From the workspace broad-ccdg-dev/Delly_Kathiresan_VIRGO_MESA_TAICHI_Hg19bams

Workflow ID:b5bf24a2-cfca-45ea-bae4-55daf65afe51

message: Unexpected failure in EJEA.
causedBy: 
message: java.util.concurrent.RejectedExecutionException: Task [email protected] rejected from [email protected][Running, pool size = 200, active threads = 196, queued tasks = 1000, completed tasks = 537467]
causedBy: 
message: Task [email protected] rejected from [email protected][Running, pool size = 200, active threads = 196, queued tasks = 1000, completed tasks = 537467]
Post edited by Geraldine_VdAuwera on

Answers

  • ebanksebanks Broad InstituteMember, Broadie, Dev ✭✭✭✭
    edited June 2017

    Hey guys,

    I've been looking this over with Laura and it's not looking great. So far we are seeing 1830 failures and 0 successfully completed workflows (minus the initial one that was call-cached). The failure messages encompass a whole range of reasons; see below for a sampling. Do you guys know what's going on? Is there a single over-arching cause of these failures?

    Below are a few of the workflow IDs and their corresponding failure messages. The first 2 are fairly common, while the 3rd I don't see often.
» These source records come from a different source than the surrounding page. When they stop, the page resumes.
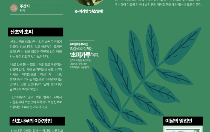 산림청은 매월 적극행정 추진을 위해 대표 임산물의 효능과 효과, 조리법 등을 소개하여 임산물의 우수성을 알리고, 올바른 임산물 구매를 안내하는 ‘이달의 임산물’ 시리즈를 추진하고 있다. ‘이달의 임산물’ 시리즈는 산림청 블로그에서 만나 볼 수 있다.
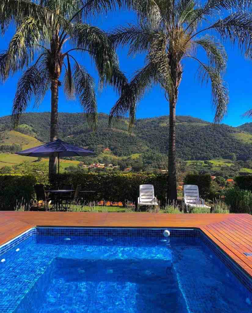 Exclusive house with incredible views, barbecue, 3 suites all with balcony facing the pool, the main one with bathtub, queen bed and air conditioning. The house has Wi-Fi, self check-in, speakers, a living room with a fireplace and a smart TV. Located on top of the mountain with a heavenly view. A safe place, all surrounded by a screen, sustainable, 100% of the electricity produced here and an automatic gate. Your pet can walk around the entire property (2000 m2).
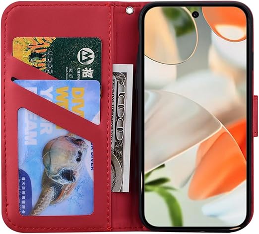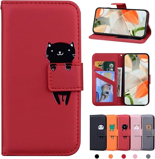 CASAFUNY Google Pixel 9/Pixel 9 Pro ケース 手帳型 通用 お洒落 カバー google ピクセル 9 プロ/ピクセル9 ケース 手帳型 耐衝撃 高級PUレザー 携帯カバー googleピクセル9 ケース かわいい動物柄カバー pixel9 ケース 軽量 手帳型 pixel9ケース 人気 カード収納 横置きスタンド機能 内蔵マグネット(6.3インチ)赤猫1

    545d73b0-63fe-492c-9387-c9e4508a1eff
    message: The WorkflowDockerLookupActor has failed. Subsequent docker tags for this workflow will not be resolved.
    
    b5bf24a2-cfca-45ea-bae4-55daf65afe51
    message: Unexpected failure in EJEA.
    causedBy: 
    message: java.util.concurrent.RejectedExecutionException: Task [email protected] rejected from [email protected][Running, pool size = 200, active threads = 196, queued tasks = 1000, completed tasks = 537467]
    causedBy: 
    message: Task [email protected] rejected from [email protected][Running, pool size = 200, active threads = 196, queued tasks = 1000, completed tasks = 537467]
    
    70a9248e-3e8d-4cb4-bf13-592d5b58a994
    message: Task DellyGermlineGenomeWorkflow.DellyDEL:5:1 failed. JES error code 10. Message: 13: VM ggp-15173193156103938930 shut down unexpectedly.
    
  • Geraldine_VdAuweraGeraldine_VdAuwera Cambridge, MAMember, Administrator, Broadie admin

    I'll call in Cromwell reinforcements on this one for the "Unexpected failure in EJEA" since that's one of their cryptic errors we've seen pop up recently.

    That being said the "VM shut down unexpectedly" sounds more like either a Google problem or whatever you were running crashed the machine badly... Have you tried running that sample by itself?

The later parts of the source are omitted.